Pakistan is gearing up to re-enter global debt markets, with plans to issue a dollar-denominated Eurobond in 2026 as part of its Global Medium-Term Note (GMTN) programme. This move marks the country’s first major Eurobond issuance in nearly five years, signaling a renewed push to diversify financing sources and attract international investment.
Khurram Schehzad, adviser to the finance minister, confirmed that Pakistan intends to re-enter the Eurobond market but did not provide specifics regarding the size, timing, or maturity of the planned issuance. The government is also pursuing Panda bonds this year, aiming to raise funds through yuan-denominated instruments and expand its investor base in China.
Finance Minister Muhammad Aurangzeb previously highlighted that Pakistan’s return to international capital markets under the GMTN programme is a key element of its broader strategy to stabilize the economy and secure competitive funding from global investors. The plan reflects efforts to build confidence in Pakistan’s sovereign debt through external support, including backing from the International Monetary Fund (IMF).
Pakistan recently completed the repayment of a $500 million Eurobond that matured in September 2025, originally issued in 2015 with a ten-year tenure. This timely repayment is seen as a critical step in reassuring investors and establishing credibility ahead of the upcoming Eurobond issuance.

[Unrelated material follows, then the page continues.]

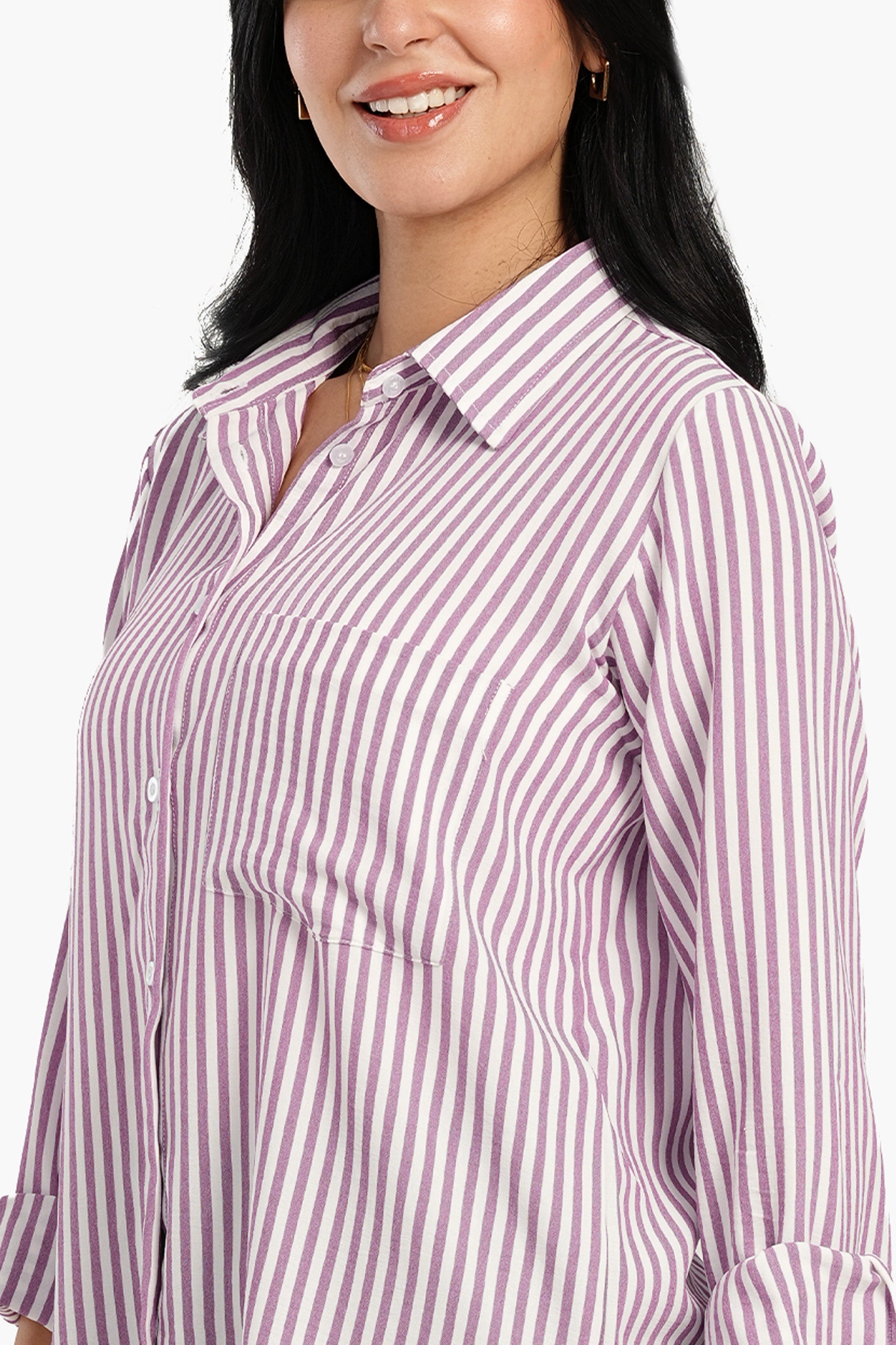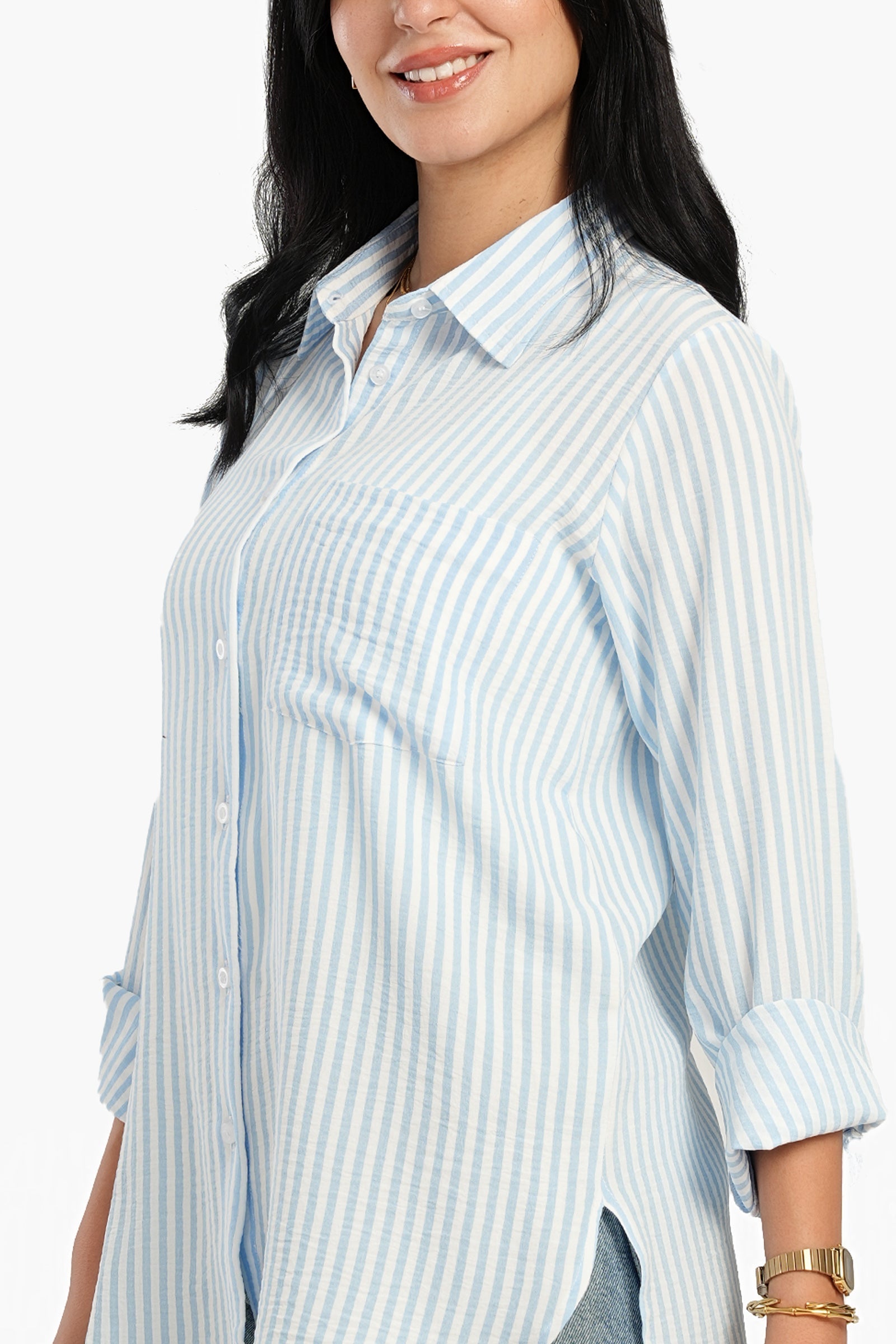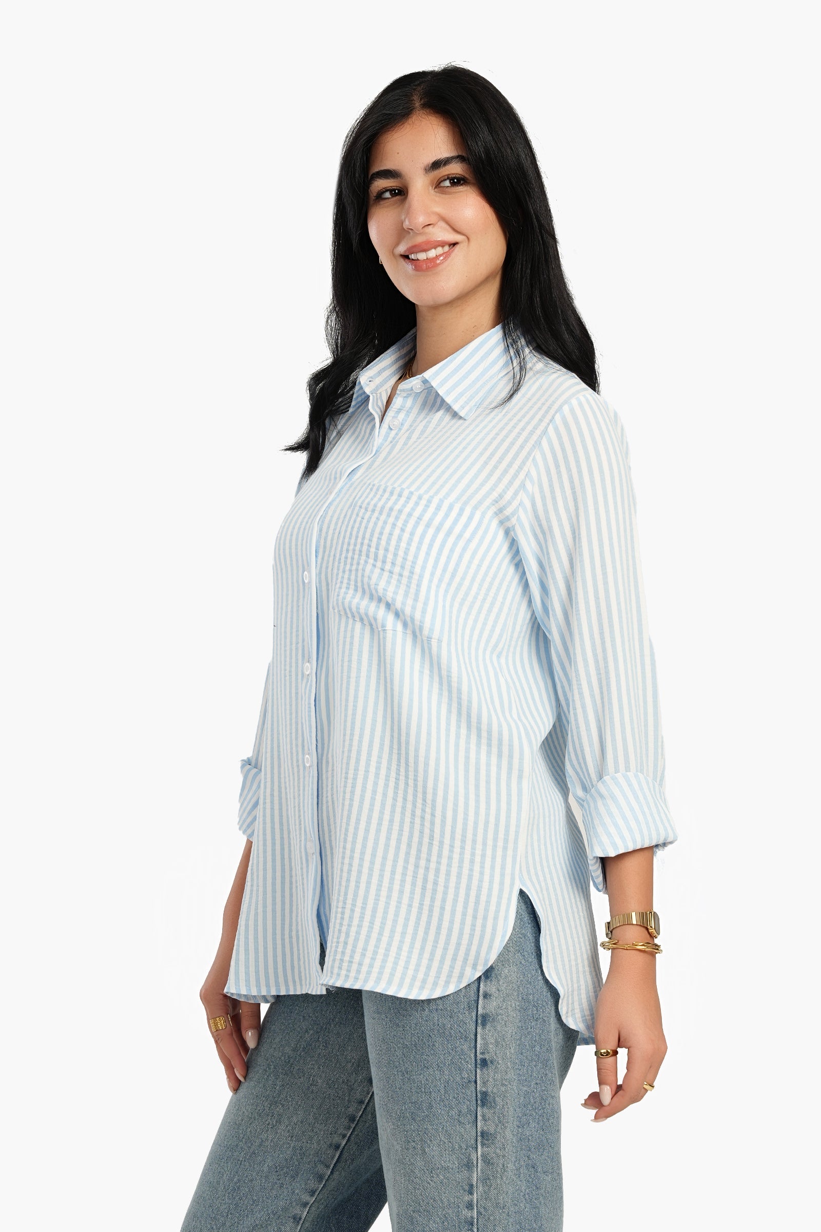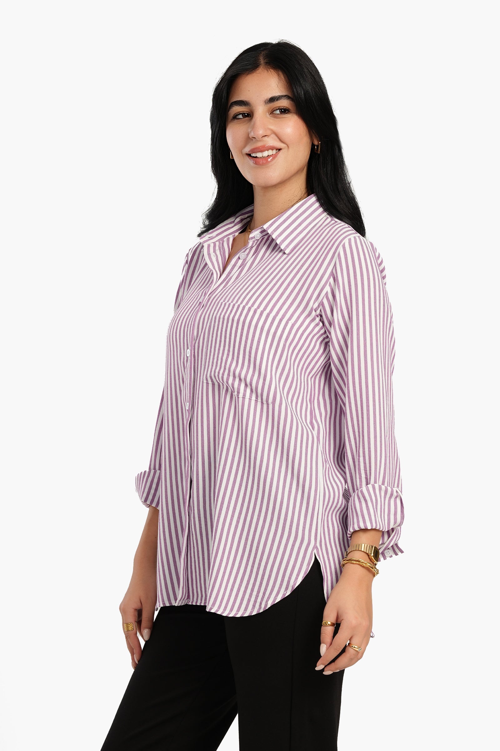أضف لمسة كلاسيكية إلى خزانة ملابسك مع قميصنا البوليستر المخطط، مثالي للإطلالات الكاجوال والأنيقة. صُمم هذا القميص بقصّة عادية، ويتميز بنقشة مخططة خالدة تُضفي لمسةً أنيقةً على إطلالتك. ياقة الياقة وأزرار الإغلاق تُضفي لمسةً راقية، بينما يُضفي التصميم الطويل والمنخفض والحاشية المستديرة لمسةً عصرية. يأتي هذا القميص بأكمام طويلة وجيب صدر عملي، ليجمع بين العملية والأناقة. يضمن نسيج البوليستر خفيف الوزن الراحة، مما يجعله قطعةً أساسيةً سهلة الارتداء في أي مناسبة.

Investor appetite for Pakistan’s debt has improved significantly, with the country’s dollar bonds posting strong performance this year. The positive trend is supported by easing global financial conditions and expectations of interest rate cuts by major central banks, which have opened opportunities for frontier economies like Pakistan to re-access international markets.
The government’s economic team has pointed to recent upgrades from major credit rating agencies, which have improved Pakistan’s outlook and validated its reform measures. These upgrades, combined with strengthened macroeconomic indicators, underpin the country’s strategy to tap international capital markets more effectively.
In addition to the Eurobond, Islamabad plans to raise approximately $250 million through Panda bonds this year. Earlier this year, Pakistan also secured $1 billion in financing from Middle Eastern banks after a gap of over two years, further diversifying its external funding sources and reducing reliance on domestic borrowing.
Re-entering the Eurobond market is expected to help Pakistan extend the maturity profile of its debt, lower funding costs, and enhance investor confidence. For international investors, the issuance presents an opportunity to participate in a frontier-market economy that is showing signs of stabilization and policy commitment.
Execution will require careful timing, favorable terms, and sustained reforms to maintain investor trust. Success in this venture could provide Pakistan with a more balanced financing portfolio, stronger global engagement, and the ability to navigate domestic economic challenges more effectively.